• _WHAT YOU ARE ASKED TO DO_
Pictures must not appear in the copy. Restate exactly the lines below from the one with "This is why" through the one with "The Liam Ohgren", inclusive.

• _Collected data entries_
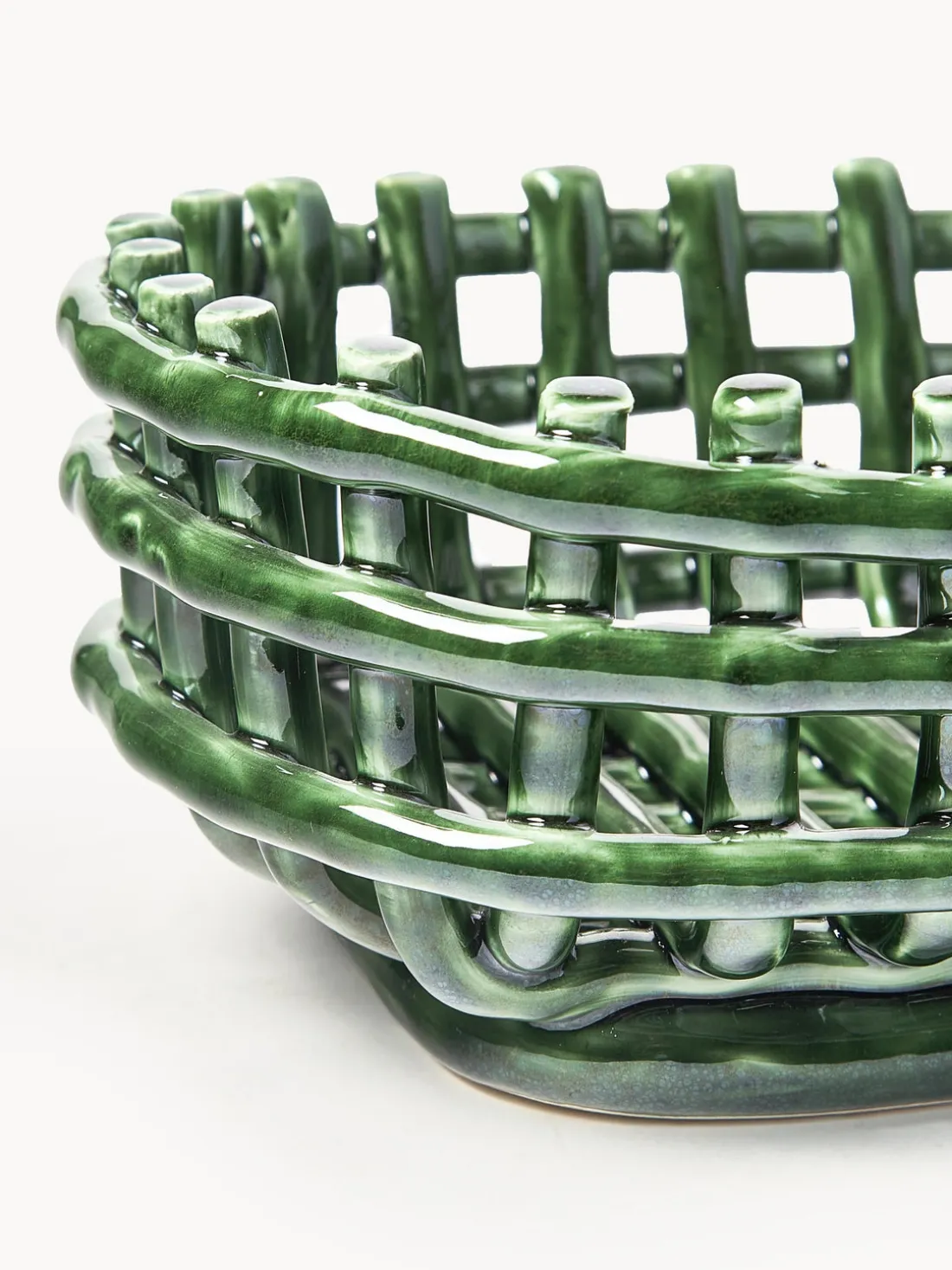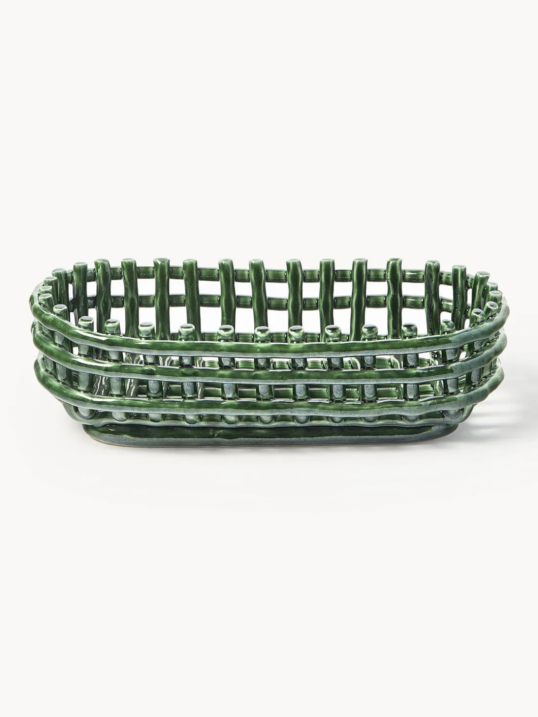 La cesta de almacenaje hecha a mano Nalan evoca la sensación familiar de los recipientes tejidos y traslada la cestería tradicional a la cerámica. Su diseño multifuncional puede utilizarse como macetero, frutero o centro decorativo de una habitación. Siendo moldeada a mano y artísticamente irregular, cada cesta es única.
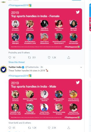 New Delhi [India], Dec 10 : Skipper Virat Kohli's birthday wish for wicket-keeper batsman MS Dhoni became the most retweeted sports-related post of 2019, Twitter...
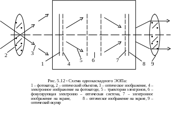 Основными элементами ЭОПов являются фотокатод с внешним фотоэффектом, фокусирующая и ускоряющая электроны электронно-оптическая система и люминесцентный экран.
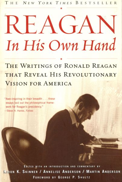 "Reagan, In His Own Hand" is a collection of more than 600 handwritten speeches, essays, and radio addresses by Ronald Reagan written primarily between 1975 and 1979. The book provides insight into the intellectual underpinnings of what would become the "Reagan Revolution." The documents prove that Reagan was the real author and intellectual force behind his policies, not just a "Great Communicator" who reads other people's minds. The records cover a wide range of topics, including foreign policy (the fight against communism and the Cold War), the economy, welfare reform, and personal reflections on American values. The book includes photographs of the original handwritten pages with Reagan's own corrections and notes.
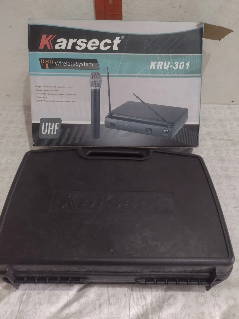 Microfone sem fio Karsect KRU-301, ideal para DJs. Sistema UHF de alta sensibilidade, receptor de canal único e controle de ganho de áudio. Perfeito para suas apresentações!
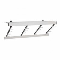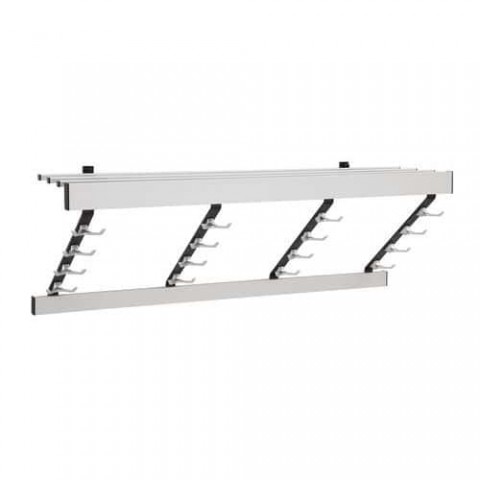 Věšák se 16-ti dvojitými háčky z eloxovaného hliníku a poličkou.Nástěnný věšák Gardelux
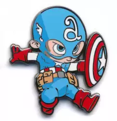 Captain America is a Limited Release pin in the Captain America, Falcon & Winter Soldier 3-pin set from the NYCC 2015 - Marvel Skottie Young pin series. It was originally released on , 2015 and was available from an Officially Licensed Disney trading pin vendor (see description for more information).
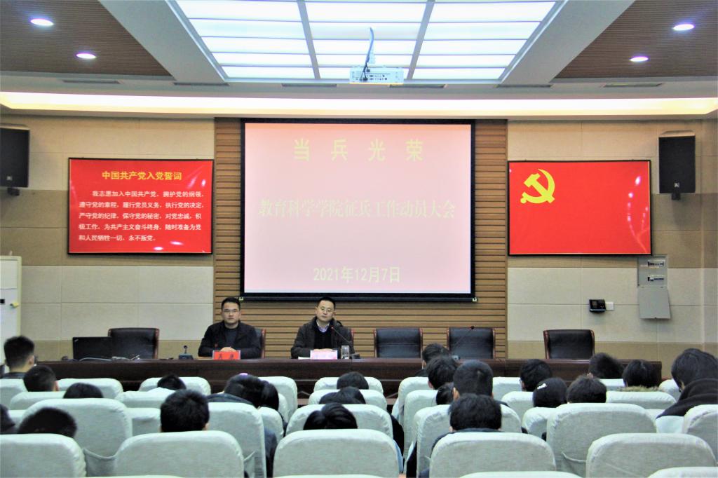 时间:2021-12-07 21:40:28 来源:教科院新闻部 作者:马玉娇 亓亚兴 刘至涵 阅读: 次为加强征兵政策宣传,保证征兵入伍工作顺利开展,12月7日,太阳成集团tyc234cc征兵工作动员大会在教科楼301会议室顺利召开。公司党委副书记董银银,武装干事吴康以及2019级、2020级、2021级全体有应征意向的员工参加此次动员大会。会议由吴康主持。
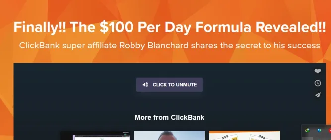 This is why I’ve teamed up with the global leader in affiliate marketing – ClickBank–to show you my exclusive $100/day formula.
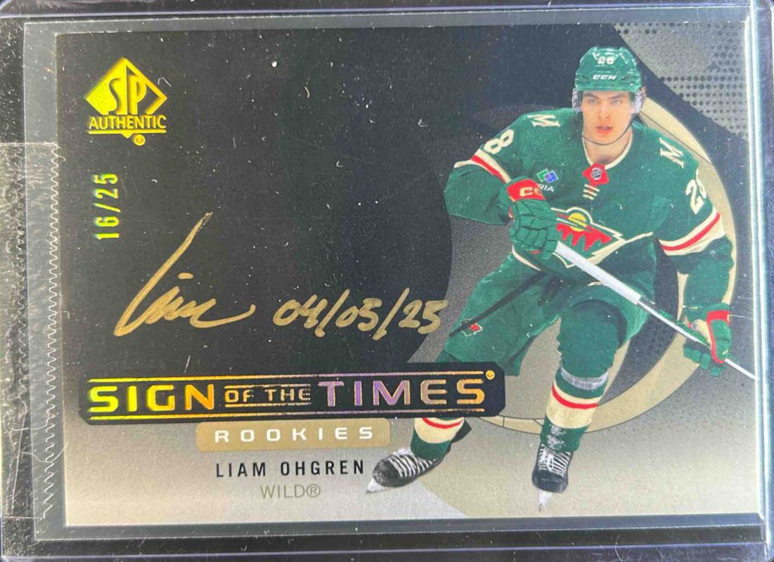 The Liam Ohgren 2024 SP Authentic #SOTTR-LO Sign of the Times Rookies - Black /25 card is 1 of 41 Liam Ohgren's card variations in the 2024 SP Authentic set being tracked by Sports Card Investor, including Base /999, Auto Mystery Black, Future Watch Acetate, Limited Red, and Limited Blue /399.
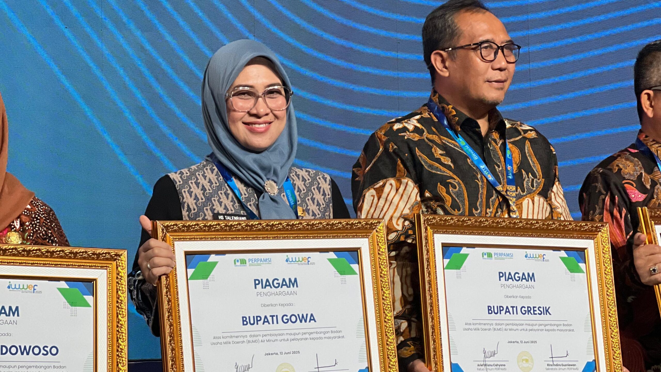 REPUBLIKNEWS.CO.ID, GOWA — Bupati Gowa, Sitti Husniah Talenrang berhasil menerima penghargaan dari Persatuan Perusahaan Air Minum Seluruh Indonesia (PERPAMSI) pada Indonesia Water & Wastewater Expo and Forum (IWWEF) 2025. Penghargaan diserahkan langsung Wakil Menteri Dalam Negeri, Bima Arya Sugiarto.
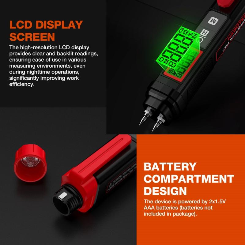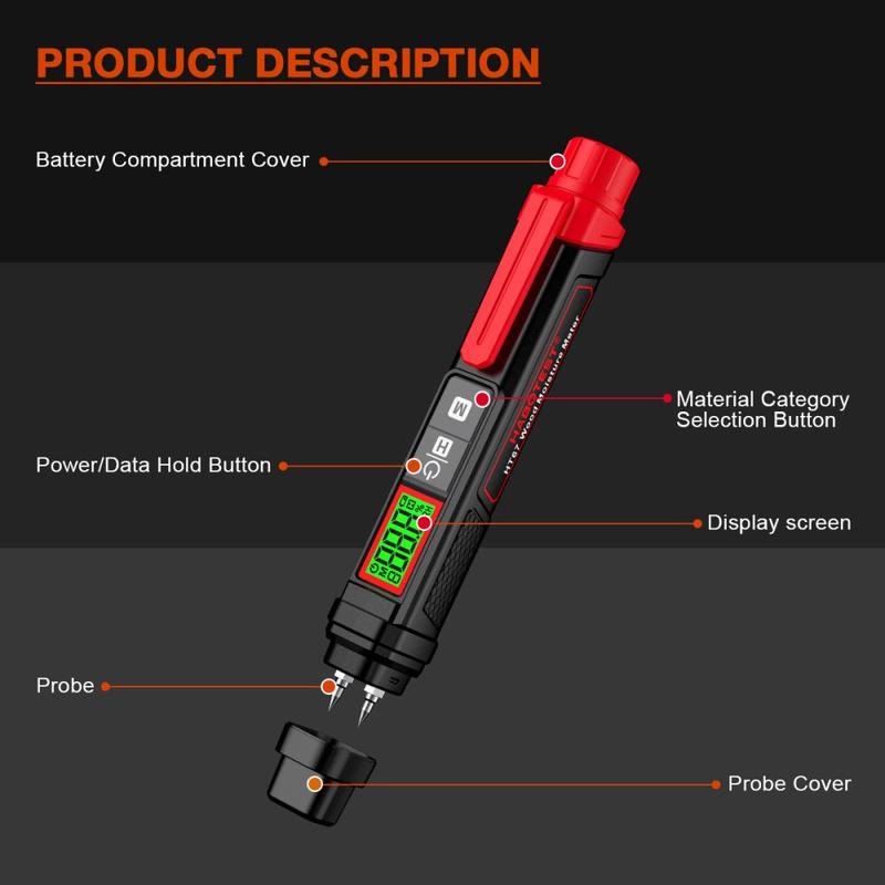 Carcasa în formă de stilou îl face ușor de transportat și de utilizat la fața locului, în timp ce sondele din oțel inoxidabil sunt concepute pentru testarea regulată pe diferite suprafețe. Un ecran LCD retroiluminat în 3 culori contribuie, de asemenea, la o citire mai ușoară a rezultatelor, afișând mai clar condițiile de umiditate dintr-o singură privire, chiar și în medii cu lumină slabă.
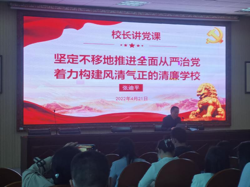 理论学习方面,校长张迪平以“坚定不移地推进全面从严治党,着力构建风清气正的清廉学校”为题面向全体党员教师讲党课。他指出,在实现第二个百年奋斗目标新的赶考之路上,在我们推进学校高质量发展的进程中,我们要深刻理解习近平同志关于“全面从严治党”的重要论述的理论内涵,增强全面从严治党永远在路上的政治自觉。他希望全体党员教师精准把握“严”的形势,切实增强全面从严治党的责任感和紧迫感,并就落实全面从严治党任务结合师德师风建设对党员教师提出了三点要求:一要在学深悟透中筑牢信仰之基;二要在遵规守纪中强化敬畏之心;三要在苦干实干中强化担当之责。在党课学习中,党员教师增强了身份意识,懂得身为教育工作者,我们应始终敬畏人民、敬畏组织、敬畏法纪、敬畏教育事业;要自觉追求高线、远离红线、守住底线,真正把纪律规矩立起来;要各担其责、并肩奋斗建设风清气正的清廉学校,不断推进学校高质量发展,以优异成绩迎接党的二十大的胜利召开!
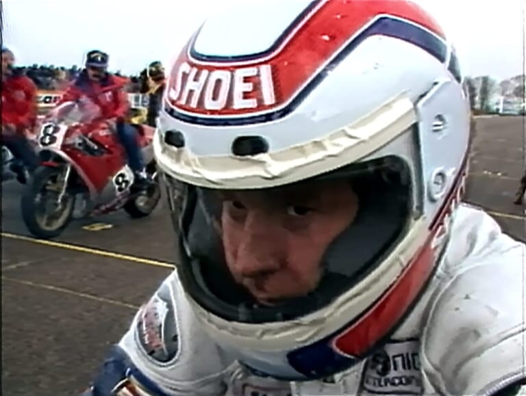 1986トランスアトランティックの開催地は、当時改装でコースが延長されたばかりの英国ドニントンパーク・サーキット。イギリスチームを率いるのはヤマハを駆るGPライダーのロブ・マッケルニアで、マシンはこの年デイトナ200マイルでエディ・ローソンが優勝したFZ750だ。 アメリカチームはUSスーパーバイクチャンピオンのフレッド・マーケルが率いる。
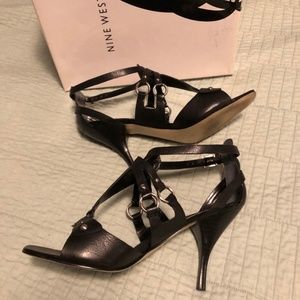 These are a pre-owned pair of Nine West Size 9 Wide Width Black Leather High Heels.
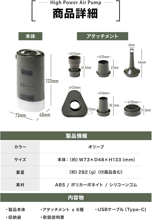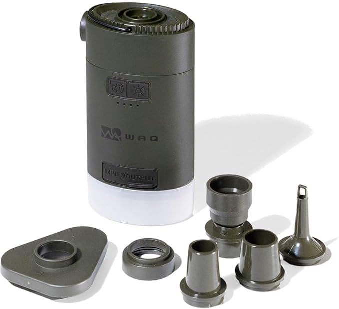 WAQ High Power Air Pump 電動ポンプ エアポンプ 電動 空気入れ アウトドア マット エアマット 圧縮袋 浮き輪 空気抜き LEDランタン USB 小型 大容量バッテリー 充電式 6種類のノズル付き | KAZESHOP
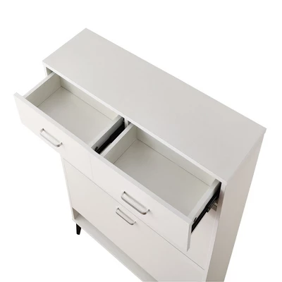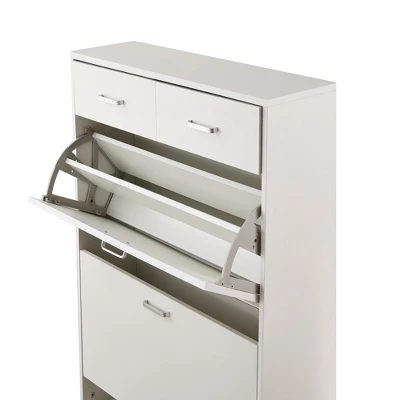 Shoe Cabinet, Freestanding Tipping Bucket Shoe Rack Organizer with 2 Flip Drawers & 2 Drawer, Modern Shoe Storage Cabinet for Entryway Hallway Bedroom
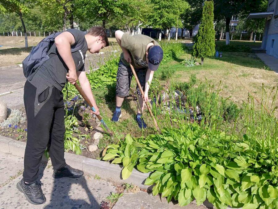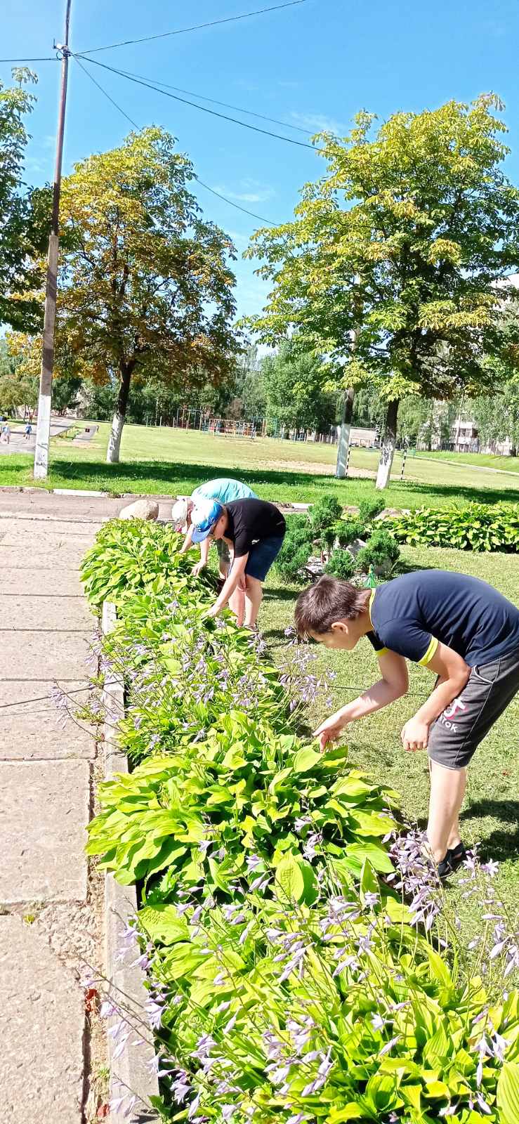 Сегодня 3 августа 2023 года в рамках работы экоклуба "Зелёный след" учащиеся осуществляли удаление сухих листьев и обрезку сухих ветвей растений, помогали убирать скошенную газонную траву.
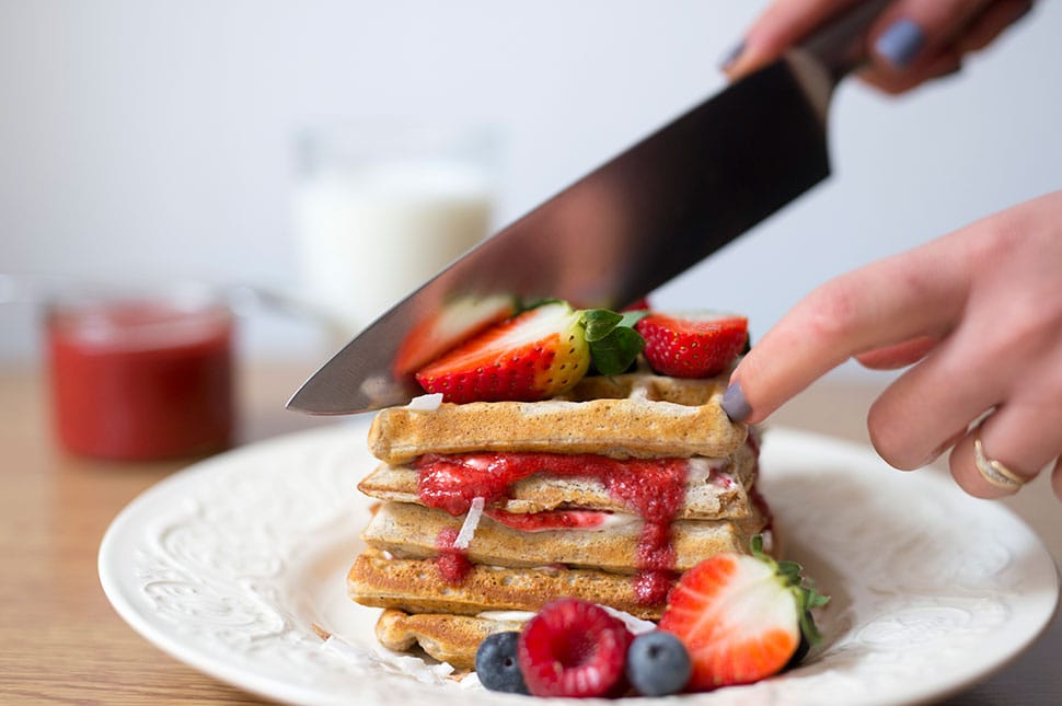 Ha kész a gofri, akkor megkenjük a krémünkkel, a friss eperszósszal, majd jöhet egy újabb gofri, krém, lekvár és így tovább. A reggelinket friss gyümölcsökkel, kókuszchipssel, magvakkal tálaljuk.
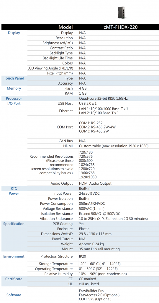 In compliance with IEC 61131-3 Programmable Logic Controller (PLC) standard, cMT-CTRL01’s built-in CODESYS supports multiple languages such as FBD/LD/IL/ST/SFC/CFC. Also, cMT-CTRL01 supports IIoT protocol standards: OPC UA and MQTT with which data from the connected devices can be uploaded to IIoT datacenter. Additionally, users can, with a license, activate EasyAccess 2.0 to update the device’s CODESYS project and monitor its operation status, thus reducing maintenance costs. With EasyAccess 2.0 push notification, users receive immediate notification about the operation errors on their portable devices for quick troubleshooting.
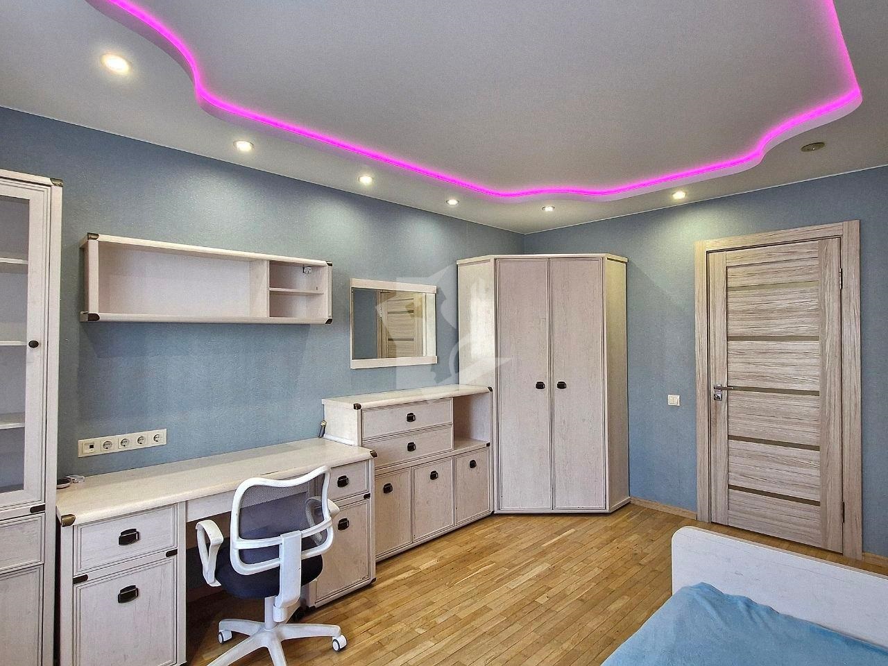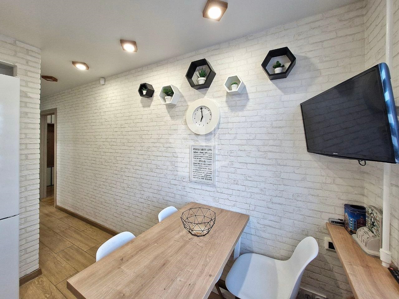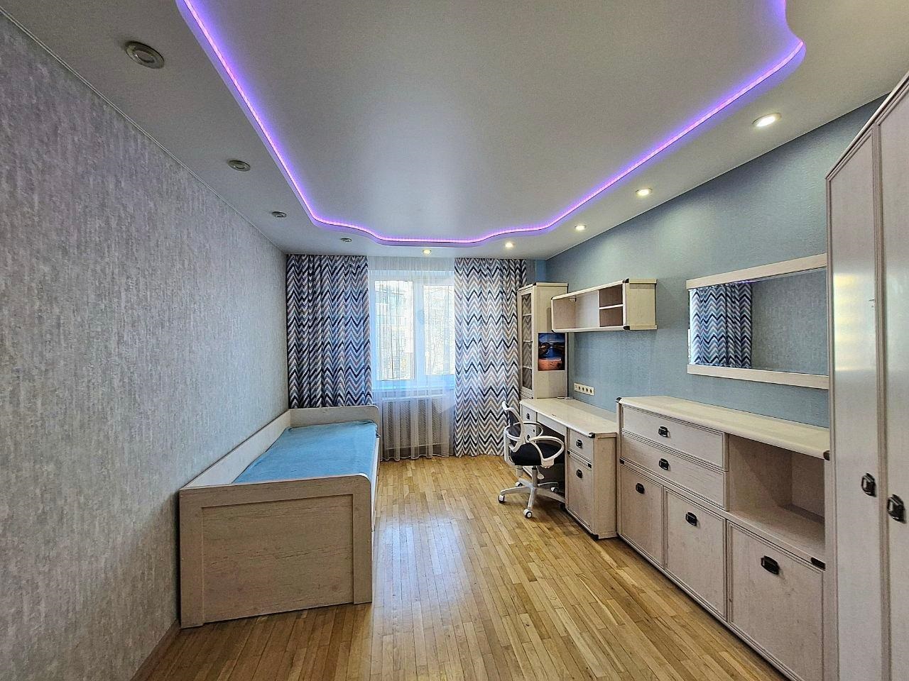 Паркет, натяжные потолки, мягкий свет — здесь действительно спокойно и комфортно.

• _YOUR RESPONSE_
 This is why I’ve teamed up with the global leader in affiliate marketing – ClickBank–to show you my exclusive $100/day formula.
 The Liam Ohgren 2024 SP Authentic #SOTTR-LO Sign of the Times Rookies - Black /25 card is 1 of 41 Liam Ohgren's card variations in the 2024 SP Authentic set being tracked by Sports Card Investor, including Base /999, Auto Mystery Black, Future Watch Acetate, Limited Red, and Limited Blue /399.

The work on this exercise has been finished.